• **Stored data**:
---------------
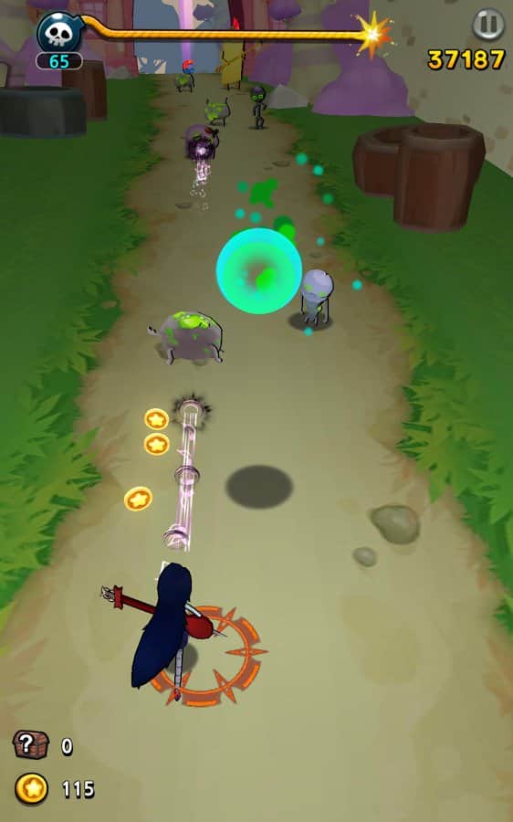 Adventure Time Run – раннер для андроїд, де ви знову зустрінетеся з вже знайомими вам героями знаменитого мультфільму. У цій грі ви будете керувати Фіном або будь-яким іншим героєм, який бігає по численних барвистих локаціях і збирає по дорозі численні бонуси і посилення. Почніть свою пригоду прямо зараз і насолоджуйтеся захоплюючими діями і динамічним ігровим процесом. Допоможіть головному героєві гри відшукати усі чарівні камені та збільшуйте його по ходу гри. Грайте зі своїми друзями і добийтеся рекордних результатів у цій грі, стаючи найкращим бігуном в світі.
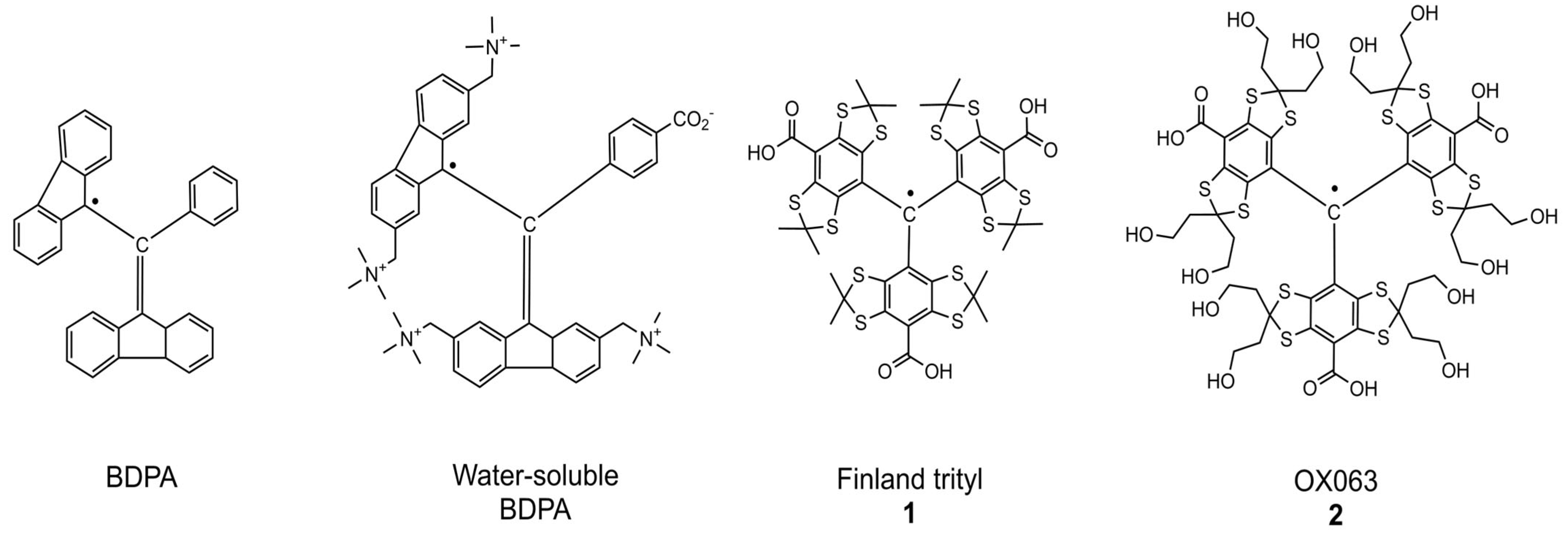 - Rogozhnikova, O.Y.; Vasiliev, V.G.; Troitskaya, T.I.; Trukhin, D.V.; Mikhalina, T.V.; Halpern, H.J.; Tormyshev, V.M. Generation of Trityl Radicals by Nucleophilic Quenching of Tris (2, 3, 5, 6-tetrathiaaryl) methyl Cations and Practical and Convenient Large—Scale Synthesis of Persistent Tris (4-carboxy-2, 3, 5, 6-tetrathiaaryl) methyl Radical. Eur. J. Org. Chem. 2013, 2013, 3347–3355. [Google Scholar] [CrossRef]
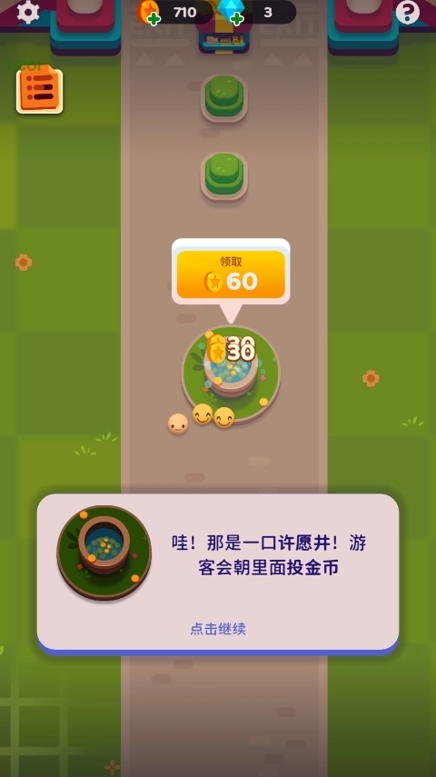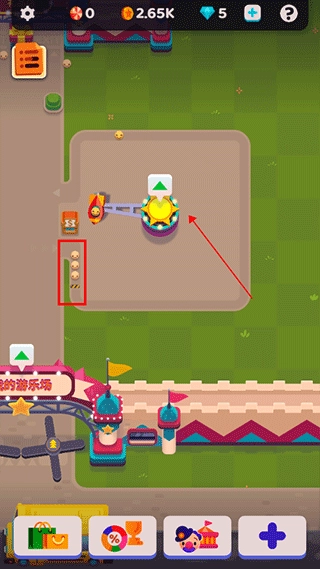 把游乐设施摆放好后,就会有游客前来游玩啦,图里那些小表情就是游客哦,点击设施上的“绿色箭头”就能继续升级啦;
---------------
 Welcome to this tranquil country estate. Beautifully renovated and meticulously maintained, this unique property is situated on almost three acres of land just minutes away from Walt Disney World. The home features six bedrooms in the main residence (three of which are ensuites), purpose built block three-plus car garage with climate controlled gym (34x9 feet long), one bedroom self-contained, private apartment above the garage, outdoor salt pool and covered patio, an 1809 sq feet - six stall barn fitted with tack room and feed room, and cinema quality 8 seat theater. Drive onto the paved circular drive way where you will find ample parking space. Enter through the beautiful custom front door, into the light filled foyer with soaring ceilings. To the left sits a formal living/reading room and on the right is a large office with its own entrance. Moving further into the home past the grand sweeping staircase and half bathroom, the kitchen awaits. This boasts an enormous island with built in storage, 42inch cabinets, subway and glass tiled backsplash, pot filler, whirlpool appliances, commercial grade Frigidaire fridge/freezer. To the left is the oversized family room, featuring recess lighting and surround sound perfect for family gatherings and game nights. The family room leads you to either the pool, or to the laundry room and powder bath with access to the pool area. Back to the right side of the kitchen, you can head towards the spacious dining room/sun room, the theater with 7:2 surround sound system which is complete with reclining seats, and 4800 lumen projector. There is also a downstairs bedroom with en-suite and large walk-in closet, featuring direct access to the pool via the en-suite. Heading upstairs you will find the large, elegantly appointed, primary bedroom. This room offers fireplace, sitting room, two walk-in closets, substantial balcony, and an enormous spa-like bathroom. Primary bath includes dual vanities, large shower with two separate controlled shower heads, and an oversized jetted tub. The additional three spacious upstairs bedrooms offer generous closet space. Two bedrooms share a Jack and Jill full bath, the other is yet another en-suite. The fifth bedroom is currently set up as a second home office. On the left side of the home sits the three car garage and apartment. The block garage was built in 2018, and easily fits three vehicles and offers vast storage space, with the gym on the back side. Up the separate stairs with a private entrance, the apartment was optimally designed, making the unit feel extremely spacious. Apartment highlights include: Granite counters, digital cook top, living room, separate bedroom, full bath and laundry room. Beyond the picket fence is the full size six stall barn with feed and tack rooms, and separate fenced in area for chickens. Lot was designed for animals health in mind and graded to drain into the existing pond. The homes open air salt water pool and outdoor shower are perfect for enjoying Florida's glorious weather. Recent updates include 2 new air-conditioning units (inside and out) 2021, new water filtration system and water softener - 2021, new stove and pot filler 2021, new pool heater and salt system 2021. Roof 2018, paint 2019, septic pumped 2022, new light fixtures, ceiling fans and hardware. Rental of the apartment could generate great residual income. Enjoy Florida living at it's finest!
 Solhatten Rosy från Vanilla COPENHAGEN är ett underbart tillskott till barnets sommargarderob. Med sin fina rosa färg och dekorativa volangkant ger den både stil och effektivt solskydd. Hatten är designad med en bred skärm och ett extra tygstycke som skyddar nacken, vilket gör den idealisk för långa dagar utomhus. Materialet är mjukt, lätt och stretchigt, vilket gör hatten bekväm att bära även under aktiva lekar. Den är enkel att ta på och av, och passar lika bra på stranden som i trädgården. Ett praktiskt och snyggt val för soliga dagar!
---------------
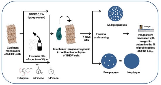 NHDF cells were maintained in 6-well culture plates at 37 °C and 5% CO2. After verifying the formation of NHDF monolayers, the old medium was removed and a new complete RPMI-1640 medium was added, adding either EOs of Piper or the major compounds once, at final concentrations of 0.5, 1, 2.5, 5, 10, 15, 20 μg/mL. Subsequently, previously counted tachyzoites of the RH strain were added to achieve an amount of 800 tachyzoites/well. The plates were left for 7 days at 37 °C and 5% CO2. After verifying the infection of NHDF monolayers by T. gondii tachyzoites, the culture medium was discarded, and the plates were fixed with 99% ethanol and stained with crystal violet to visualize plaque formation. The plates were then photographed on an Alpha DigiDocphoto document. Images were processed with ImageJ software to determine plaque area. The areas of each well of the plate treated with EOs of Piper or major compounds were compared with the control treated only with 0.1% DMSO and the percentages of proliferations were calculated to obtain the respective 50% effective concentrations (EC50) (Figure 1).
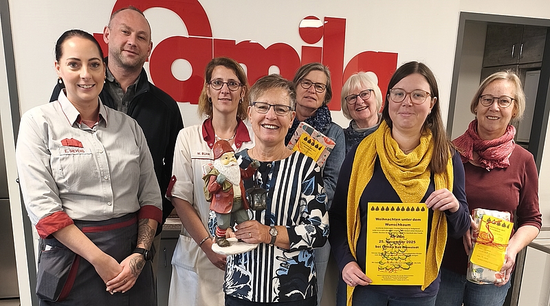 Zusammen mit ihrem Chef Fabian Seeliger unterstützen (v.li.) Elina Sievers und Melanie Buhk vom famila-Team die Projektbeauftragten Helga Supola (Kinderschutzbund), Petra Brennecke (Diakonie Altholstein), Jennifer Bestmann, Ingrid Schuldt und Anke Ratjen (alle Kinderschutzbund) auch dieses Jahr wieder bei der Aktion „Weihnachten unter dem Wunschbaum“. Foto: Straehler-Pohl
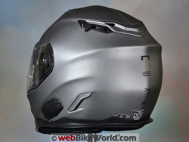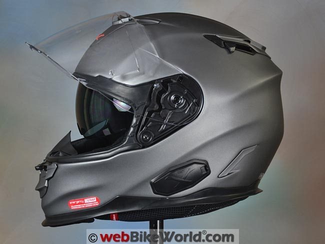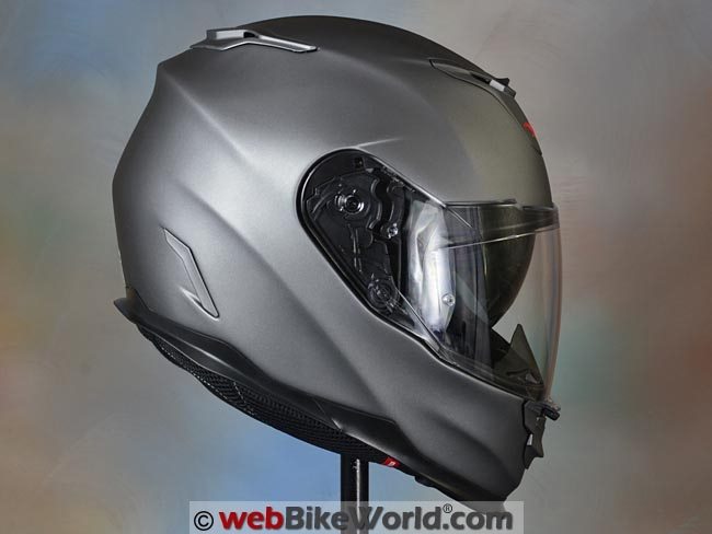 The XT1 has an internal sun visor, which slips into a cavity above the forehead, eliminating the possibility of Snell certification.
---------------
• **Required action**:
Your copy should hold the lines from the one with "Adventure Time Run" up to and including the one with "把游乐设施摆放好后,就会有游", exactly as in the data above, and no pictures.

• **Written response**:
 Adventure Time Run – раннер для андроїд, де ви знову зустрінетеся з вже знайомими вам героями знаменитого мультфільму. У цій грі ви будете керувати Фіном або будь-яким іншим героєм, який бігає по численних барвистих локаціях і збирає по дорозі численні бонуси і посилення. Почніть свою пригоду прямо зараз і насолоджуйтеся захоплюючими діями і динамічним ігровим процесом. Допоможіть головному героєві гри відшукати усі чарівні камені та збільшуйте його по ходу гри. Грайте зі своїми друзями і добийтеся рекордних результатів у цій грі, стаючи найкращим бігуном в світі.
 - Rogozhnikova, O.Y.; Vasiliev, V.G.; Troitskaya, T.I.; Trukhin, D.V.; Mikhalina, T.V.; Halpern, H.J.; Tormyshev, V.M. Generation of Trityl Radicals by Nucleophilic Quenching of Tris (2, 3, 5, 6-tetrathiaaryl) methyl Cations and Practical and Convenient Large—Scale Synthesis of Persistent Tris (4-carboxy-2, 3, 5, 6-tetrathiaaryl) methyl Radical. Eur. J. Org. Chem. 2013, 2013, 3347–3355. [Google Scholar] [CrossRef]
 把游乐设施摆放好后,就会有游客前来游玩啦,图里那些小表情就是游客哦,点击设施上的“绿色箭头”就能继续升级啦;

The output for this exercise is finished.